* [What you should do] Your task is to write out the entire listing exactly, omitting its pictures.
------ Raw data ------
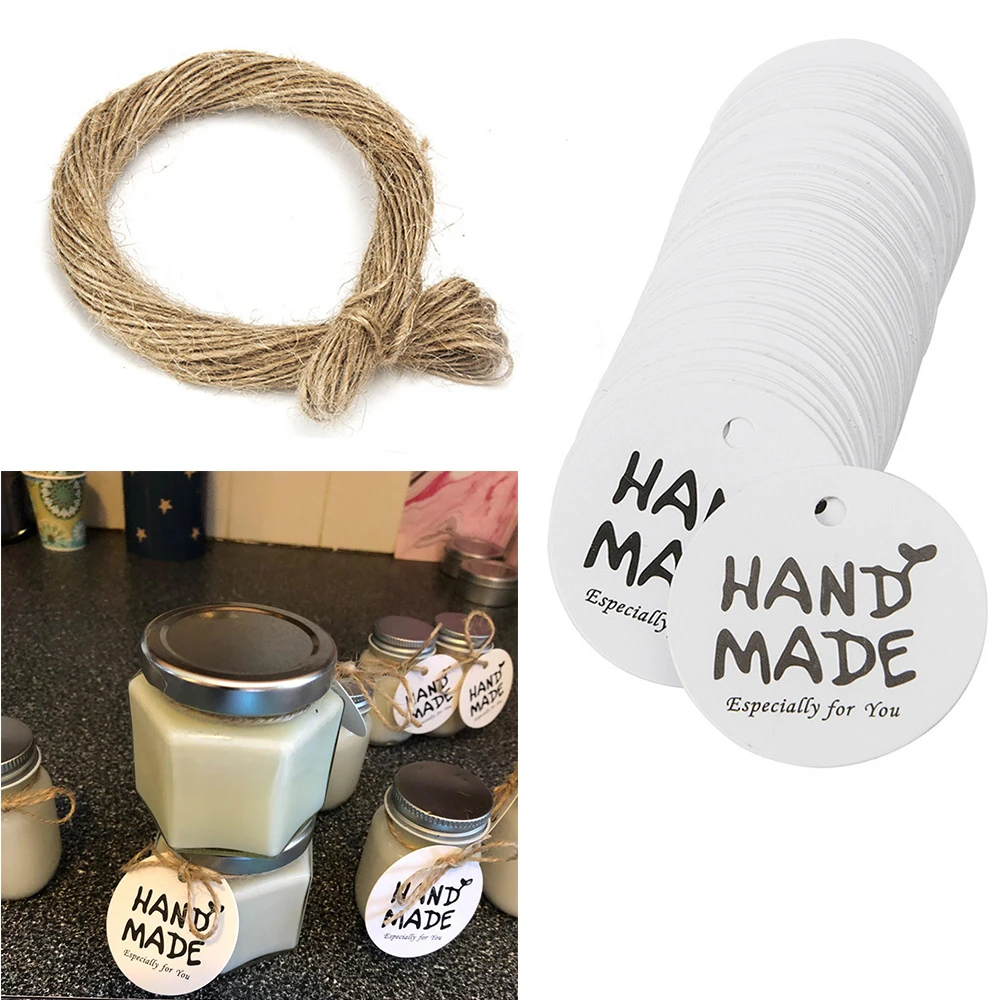 100PCS Round Handmade Especially for You Printed Tags,White Kraft Paper Gift Labels Handmade Kraft Paper Tags with 100 feet Jute Twine
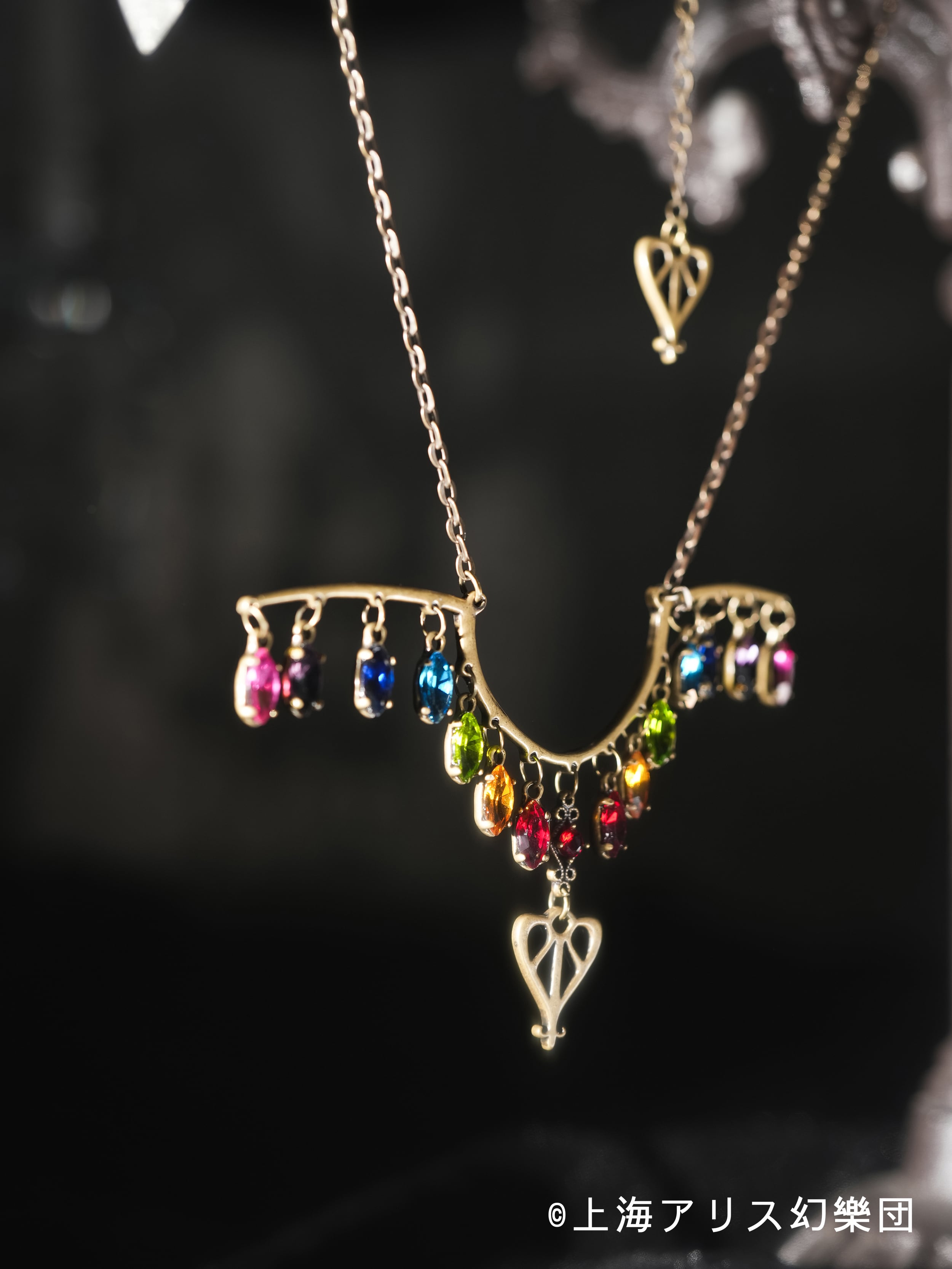 アンティーク感のある落ち着いた金属に、色とりどりのビジューが輝き、フランドールの個性的な羽根の美しさをそのままに、ファッションアイテムとしてお洋服にも馴染み良い質感を与えます。
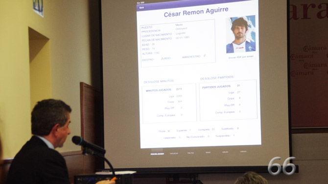 El doctor José Antonio Rubio ha ejercido de maestro de ceremonias con una demostración práctica durante la presentación de la nueva aplicación para el iPAD que lleva por nombre ‘FutbolEnDatos’.
------
* [Solution to this task]
 100PCS Round Handmade Especially for You Printed Tags,White Kraft Paper Gift Labels Handmade Kraft Paper Tags with 100 feet Jute Twine
 アンティーク感のある落ち着いた金属に、色とりどりのビジューが輝き、フランドールの個性的な羽根の美しさをそのままに、ファッションアイテムとしてお洋服にも馴染み良い質感を与えます。
 El doctor José Antonio Rubio ha ejercido de maestro de ceremonias con una demostración práctica durante la presentación de la nueva aplicación para el iPAD que lleva por nombre ‘FutbolEnDatos’.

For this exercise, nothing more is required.